If you think prohibited persons committing felony straw purchases are being stopped by their unwillingness to lie about their gender identity or their reluctance to admit federal marijuana violations, Lickenbrock has an Everytown article to sell you. These aren’t anti-straw-purchase measures. They’re administrative bloat that the ATF is appropriately streamlining.

The actual anti-straw-purchase architecture in federal firearms law — the NICS background check, the federal felony penalties for false statements on Form 4473, the federal felony penalties for purchasing a firearm on behalf of a prohibited person — all remain fully in effect. The reform package addresses paperwork, not enforcement.

The “Charleston Loophole”

Lickenbrock objects to the ATF doubling the time a NICS decision remains valid from 30 to 60 days, claiming this will increase the risk that prohibited persons obtain firearms.

This is the same argument gun-control advocates have been making for years, and it has the same problem it always has: a prohibited person with a firearm is still a prohibited person with a firearm.

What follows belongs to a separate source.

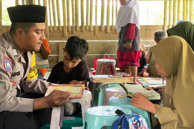ACEH TIMUR – Sosok anggota Polri yang satu ini patut diacungi jempol, Bhabinkamtibmas Polsek Simpang Jernih, Polres Aceh Timur, Polda Aceh, Bripka Saifullah juga aktif menjadi guru ngaji bagi anak-anak di Desa Simpang Jernih.

If a NICS check is later determined to have been improperly approved, the ATF already has statutory authority to retrieve the firearm. The validity window doesn’t change what’s legal — it changes how long the paperwork remains current.

The Charleston shooting in 2015 — the case Lickenbrock implicitly references — happened because of a NICS examiner error in the existing system, not because of any validity window issue.

The shooter took possession of his firearm 67 days after the NICS check, well past the existing 30-day window, because his FFL exercised the legal default-proceed option after the 72-hour examination period expired without a determination. That’s a different problem than the validity window Lickenbrock is complaining about.

The 2019 Henry Pratt Company shooting in Aurora, Illinois — another mass shooting Everytown might want to remember — happened because the Illinois State Police failed to follow up on a revoked Firearm Owner’s Identification card. The shooter purchased the gun legally before his FOID was revoked, and the state police never verified that he’d surrendered the firearm after revocation. That’s a state-level enforcement failure, not a federal NICS validity window issue.

In other words, the two mass shootings most commonly cited in arguments for restricting NICS were not caused by the federal regulatory framework that the ATF is now reforming.